Schematical overview of the relation between the chemotaxis pathway and the movement model.

Overview

Analogous to the highly complex signal transduction network in the chemotaxis receptor model, there is an equally challenging molecular mechanism on side of the flagella, responsible for the movement of the bacterium.

In order to capture the features of cell motility, we created a probabilistic two state model, which simulates the cell movement in accordance to the existing empirical observations.

At every time step of the simulation of the cell motility model, the current CheYp concentration is received as an input from the chemotaxis pathway model. This input determines the probability of the CCW and the CW rotation direction of the flagella.
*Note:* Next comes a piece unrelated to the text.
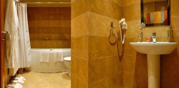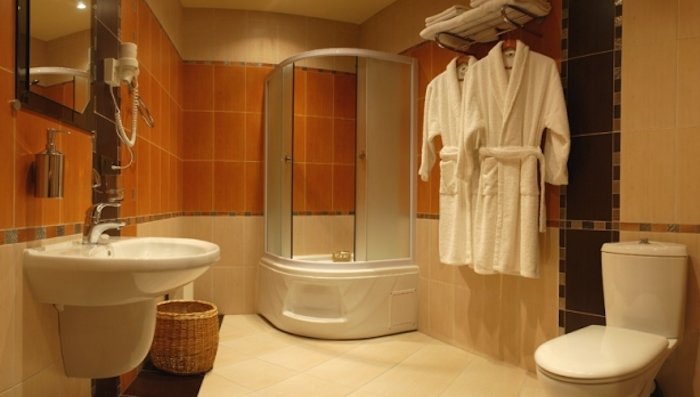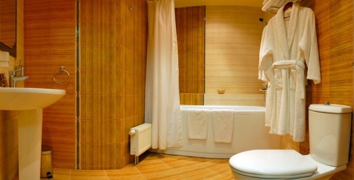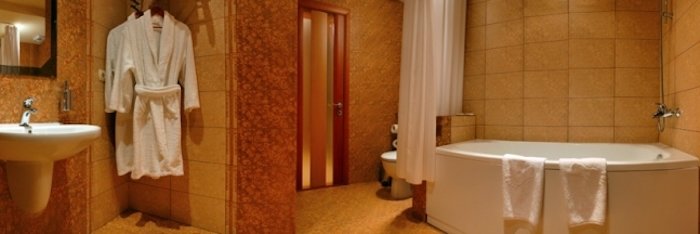 ванна,умывальник,туалет,фен,халат,набор полотенец

A counterclockwise rotation corresponds to the directed movement (running) state and to a change in spatial coordinates, together with a slight change in angle, while a clockwise rotation corresponds to the tumbling state and to a new movement direction, with nearly unchanged other spatial coordinates.

By coupling the probabilistic movement model with the deterministic molecular model we can realistically simulate the variations in motility which occur due to variations in the concentrations of the molecular species of the chemotaxis pathway, namely in the concentration of CheYp.
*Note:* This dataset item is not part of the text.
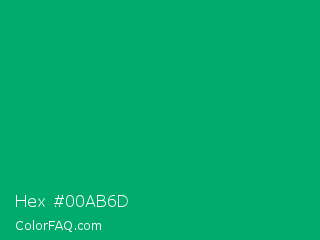 Hex #00ab6d Color is a normal green color and the nearest color is Jade #00a86b. Hex code #00ab6d and RGB value is rgb(0,171,109). In RGB color space, this color is composed of 0% red, 67% green, 43% blue, In CMYK color space, this color is composed of 100% cyan, 0% magenta, 36% yellow , 33% black , In HSL color space, this color has a hue angle of 158° , 100% saturation and 34% lightness.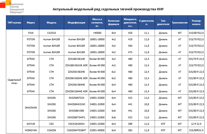 Маркетинговое агентство НАПИ провело анализ модельного ряда седельных тягачей, поступивших на российский рынок в 2022 г.

Known Features of Cell Motility

Bacterial motility has been analyzed since several decades such that many of its properties are well characterized, although the exact molecular mechanisms leading to these properties are still a subject of scientific dispute. Since answering the open questions is beyond the scope of our iGem project, we focused on building a phenomenological model which reliably reproduces the known chemotactic behavior of E. coli cells. For this task we relied on the data provided in [1], which is similar to other data which can be found in the literature, although the exact quantitative data might vary slightly depending on the strains used and the experimental conditions. Thus, our model was required to reproduce the following properties:

  • E. coli cells are most of the time in one of two states: They either swim straightly or tumble.
  • The time between transitions between the two states is approximately exponentially distributed, with a tumbling time of 0.14±0.19s and a straight swimming time of 0.86±1.18s (each value given as mean and standard deviation) for a constant extracellular environment.
  • In a changing extracellular environment (e.g. increasing concentration of Aspartate), mainly the distribution of the straight swimming time adjusts, whereas the distribution of the tumbling time only slightly changes.
  • The average speed of an E. coli during straight swimming is approximately 14.2±3.4μm/s, whereas during tumbling the average speed is significantly smaller.
  • In a constant environment, the integrated change of the swimming direction during one tumbling is approximately 68±36°, whereas it is only approximately 23±23° during one period of swimming.
  • The distribution of the absolute value of the change in direction during one tumbling given in [1] looks similar to a Weibull distribution with a nonzero maximum, whereas the change in direction during straight swimming is maximal at 0&degree;.

Assumptions

Accordance with the experimental data given in [1], the mean tumbling length was assumed to be independent of the intracellular conditions, unlike the mean run length, which is known to differ for wild type cells depending on the extracellular conditions. Besides the experimental evidence in [1], this assumption also has a biological interpretation: tumbling is believed to occur because the flagella push each other away and disassemble after rotating counter-clock wise (directed movement). The duration spent in tumbling is a stochastic variable mainly representing the time the flagella afterward need to reassemble, and a single process of reassembling is only weakly correlated with the frequency of tumbling.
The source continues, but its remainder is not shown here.